Once the third D is established, it welcomes the fourth D, which depicts the process of promoting learning transfer. At this level, the company makes sure that leaders not only provide directives but also provide the necessary assistance and ensure accountability. Leaders that are hands-on and involved inspire their people to maximize performance. Integral to the fifth D, which is implementing performance support, is facilitating the transfer of Learning. At Emerson, performance assistance includes discussing successes and sessions urging staff to maximize their overall performance. As previously disclosed, Netflix, on the other hand, prefers to pay employees who are no longer regarded as a suitable fit a significant severance package as opposed to educating them. In addition, the corporation terminates the employee instead of training him or her to learn the new skills necessary to continue filling the post (McCord, 2014; Zipkin, 2018).
Documenting the outcomes concludes the process. Documentation of the results enables a corporation to maintain records of the training's outcomes. When the findings are reviewed, management gains additional insight into which techniques were successful and which procedures were unsuccessful. In addition, the procedure ensures that the organization maintains a record that may be referred to in the future by other teams facing comparable learning demands, issues, dilemmas, or learning/training needs (Bhawra, 2019). At Emerson, the documentation phase notified the organization's leaders that omitting the transfer and achievement phases lowered the success rate of the organization's learning initiatives. At Netflix, however, it may be difficult to distinguish what is effective from what is ineffective in increasing their employees' knowledge, ability, and competence. Netflix is an industry-leading employer with a commendable corporate culture and creative potential. However, its failure to be a learning organization, since it never invests in growing staff skills, competencies, and overall development, may harm its growth potential (McCord, 2014).
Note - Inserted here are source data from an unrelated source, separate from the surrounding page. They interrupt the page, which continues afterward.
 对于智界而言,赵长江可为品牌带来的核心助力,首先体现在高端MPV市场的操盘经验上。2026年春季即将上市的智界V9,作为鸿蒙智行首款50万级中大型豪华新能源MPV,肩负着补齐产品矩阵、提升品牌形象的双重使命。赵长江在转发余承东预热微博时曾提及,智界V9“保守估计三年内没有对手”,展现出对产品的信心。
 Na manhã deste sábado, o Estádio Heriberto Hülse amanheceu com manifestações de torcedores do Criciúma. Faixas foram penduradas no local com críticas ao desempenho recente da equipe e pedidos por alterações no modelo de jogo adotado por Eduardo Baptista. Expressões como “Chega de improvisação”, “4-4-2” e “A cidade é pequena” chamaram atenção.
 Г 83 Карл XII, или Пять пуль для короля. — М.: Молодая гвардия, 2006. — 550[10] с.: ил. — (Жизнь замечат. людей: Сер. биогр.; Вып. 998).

Bhawra, J. (2019). Developing Monitoring and Evaluation Frameworks, by Anne Markiewicz and Ian Patrick. Canadian Journal of Program Evaluation, 34(1).
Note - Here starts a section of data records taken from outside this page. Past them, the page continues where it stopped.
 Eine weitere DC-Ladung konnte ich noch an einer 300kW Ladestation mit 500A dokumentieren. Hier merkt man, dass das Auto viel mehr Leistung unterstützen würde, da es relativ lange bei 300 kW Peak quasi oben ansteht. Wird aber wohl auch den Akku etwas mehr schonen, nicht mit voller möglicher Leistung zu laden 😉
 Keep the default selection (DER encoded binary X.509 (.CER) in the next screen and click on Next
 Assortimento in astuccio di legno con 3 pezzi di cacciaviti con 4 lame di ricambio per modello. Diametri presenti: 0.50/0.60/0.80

EBSCO Information Services. (2020). The Benevolent Society: Learn how one organization achieved learning and development objectives. Retrieved from https://www.ebsco.com/resources/success-story/learn-how-one-organization-achieved-learning-and-development-objectives
Goldstein, H. W., Pulakos, E. D., Semedo, C., & Passmore, J. (2017). The Wiley Blackwell handbook of the psychology of recruitment, selection and employee retention. John Wiley & Sons.
Hidayat, R., & Budiatma, J. (2018). Education and job training on employee performance. International journal of social sciences and humanities, 2(1), 171-181.